The destroyer  HNLMS Tjerk Hiddes was a British built, Dutch warship of World War II. She was laid down on 22 May 1940 as a British N-class destroyer and launched on 25 June 1941 as HMS Nonpareil, but on 27 May 1942, she was transferred to the Royal Dutch Navy. The ship was commissioned in 1942 as HNLMS Tjerk Hiddes, named after the 17th century Dutch admiral, Tjerk Hiddes de Vries. Much of her war service was with the Royal Navy and United States Navy in the Indian Ocean and Australia. Following the war, the destroyer was sold to Indonesia and renamed KRI Gadjah Mada. She was scrapped in 1961.

War service
Acceptance trials started on 6 May; she was commissioned into the Royal Netherlands Navy service on 27 May and Tjerk Hiddes was allocated to serve with the British Royal Navy's 7th Destroyer Flotilla in the Eastern Fleet.
 
At Scapa Flow, in June and early July, she worked-up with the Home Fleet and prepared for foreign service. In mid-July at the Clyde, she joined the escort of military convoy WS21P from the Clyde to the Indian Ocean. During the voyage, on 5 August the convoy was augmented by eight ships of Convoy AS4, carrying equipment for the 8th Army in Egypt. On 20 August, Tjerk Hiddes and Nepal left the convoy, sailing to Kilindini, in Kenya.

In September, Tjerk Hiddes joined the forces allocated to support landings to complete the occupation of Madagascar (Operation Streamline Jane), which was under the control of Vichy forces, and participated in preparatory exercises. On 9 September she left Kilindini to rendezvous with the assault convoy and its escort  on passage to Majunga for the landings. The two Dutch destroyers,  and Tjerk Hiddes were deployed as screen for HMS Illustrious.
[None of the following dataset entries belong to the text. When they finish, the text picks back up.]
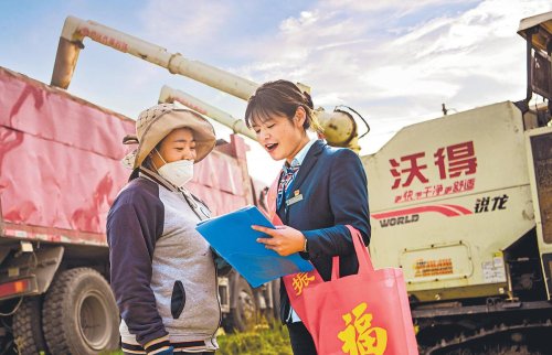 黑龙江省鸡西市滴道区邮政分公司专车专人把农户订购的化肥配送到家门口。滴道区兰岭乡投递员程占伟除了为老乡送去邮政服务,还总结经验,为村民讲解增产增收以及科学使用化肥的方法。□中国邮政报通讯员 卢明琴 记者 张丹丹 摄影报道
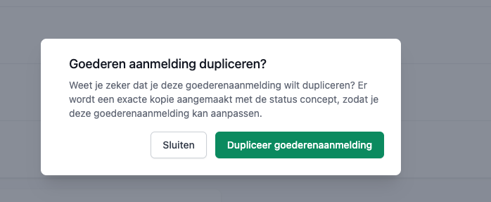 - Er verschijnt een pop-up met de vraag of je zeker weet dat je de aanmelding wilt dupliceren. Klik op Dupliceer goederenaanmelding om te bevestigen. De gedupliceerde aanmelding wordt direct toegevoegd aan het overzicht. Achter de naam van de goederenaanmelding wordt automatisch (kopie) geplaatst.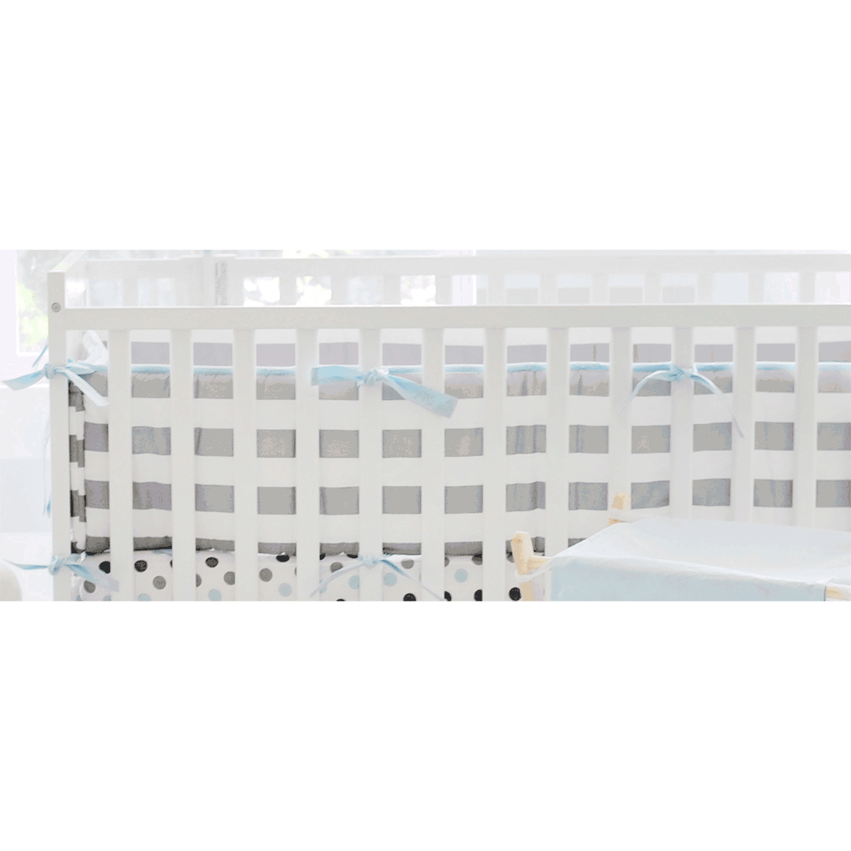 Inspired by the popular chevron pattern, our Chevron Baby in Aqua Collection will give your nursery a modern, clean look. Crisp white, gray & aqua lends a fresh feel to your new baby’s room. The crib bumper is gray and white striped with solid aqua cording and ties. Machine wash cold, wash separately or with like colors, gentle cycle, only non-chlorine bleach when needed, tumble dry low, warm iron when needed. Bumper (four sided) long side: 10" x 52", short side 10" x 27".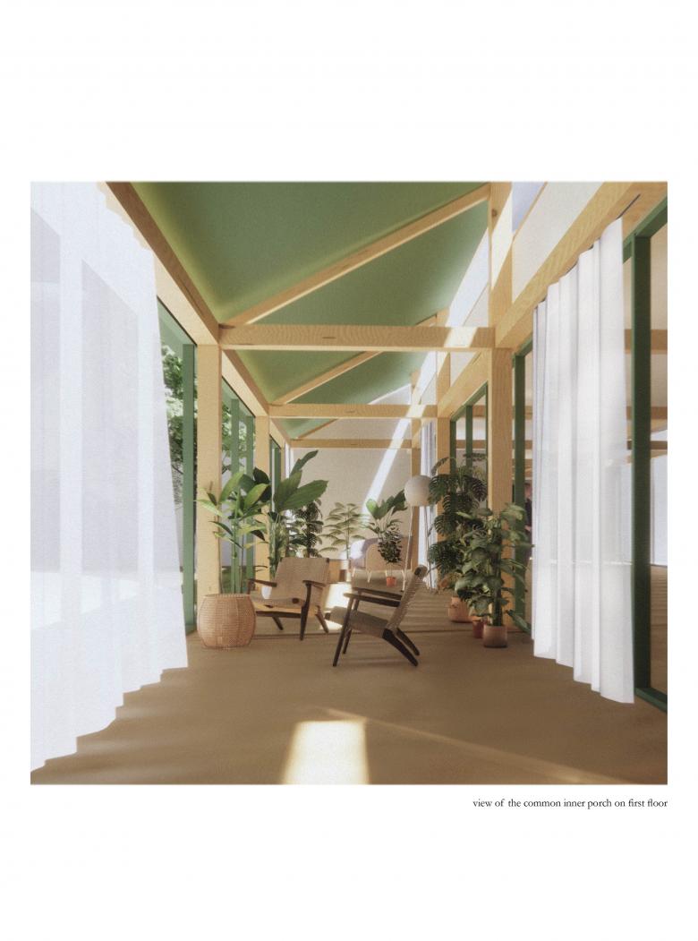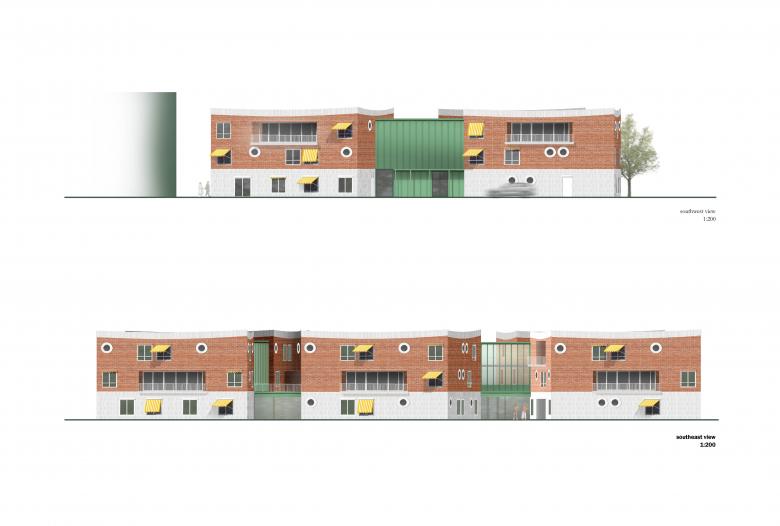 "The thesis builds on a pre-diploma project that explores the differences between different types of elderly care. Ibid, where meaningful, it proposes to combine the different types of care into a coherent whole - a stable home. This offers continuity of care, permanence of relationships between clients and with staff and the constancy of the environment.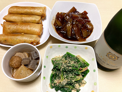 本日のメニューは、上段左から残り物春巻き、豚皮の照り煮、下段左から肉団子と大根とこんにゃくのブイヨン煮、ほうれん草のナムル、です。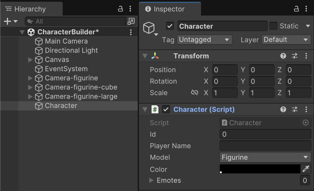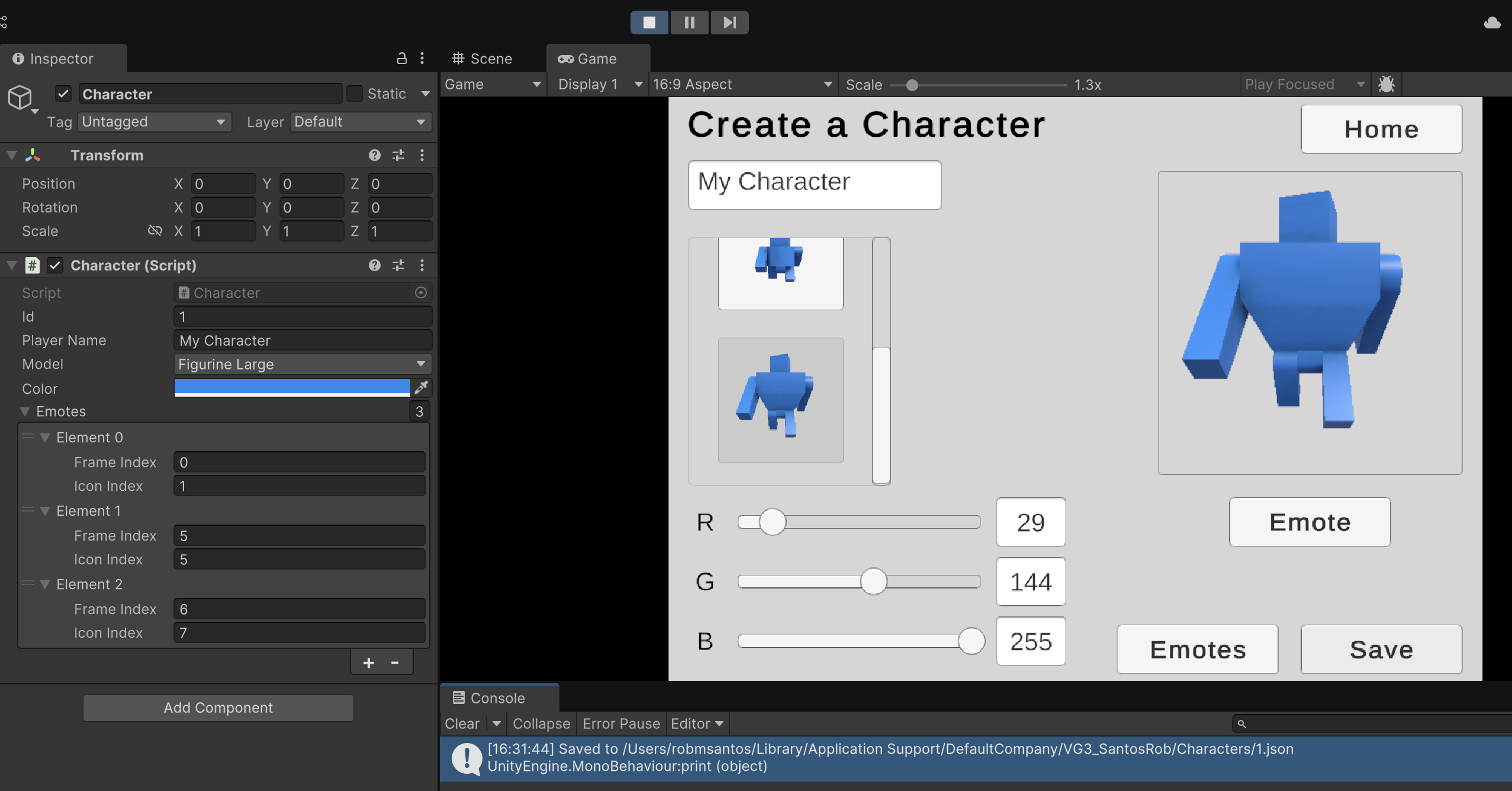 Upon clicking save, you should be able to inspect your Character gameObject and verify that all inspector fields have populated including Id and Emotes. The Console log should also tell you where to find your save file.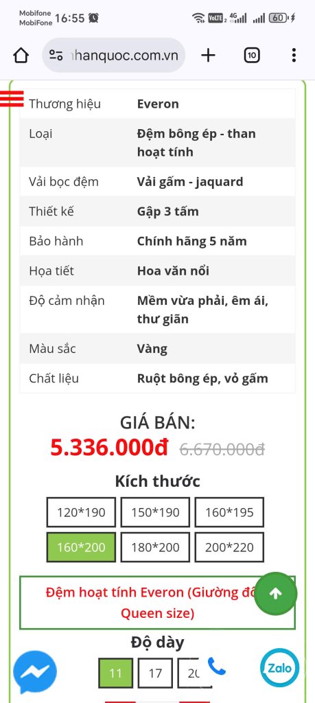 Đệm 1m6 mua hơn 5tr nay em TL chỉ 2tr thôi ạ, đệm chính hãng everon, check thoải mái ạ

On 26–27 September, Tjerk Hiddes returned to Kilindini for convoy escort duties in the Indian Ocean. (At this time, other vessels of the 7th Flotilla were returning from detached service in Mediterranean.) Escort duties continued through October until her deployment for convoy defence between Sydney and Fremantle, under the control of the United States 7th Fleet. This duty continued until January 1944, but on 4, 11 and 15 December, she made three voyages to evacuate Allied troops and civilians from Timor.

Between 18 and 24 February 1943, she was deployed with sister ship Van Galen and cruisers  and  to escort a troop convoy between Fremantle and Melbourne (Operation Pamphlet; this military convoy was carrying the 9th Australian Division, recalled from the Middle East in response to the apparent Japanese threat to Australia).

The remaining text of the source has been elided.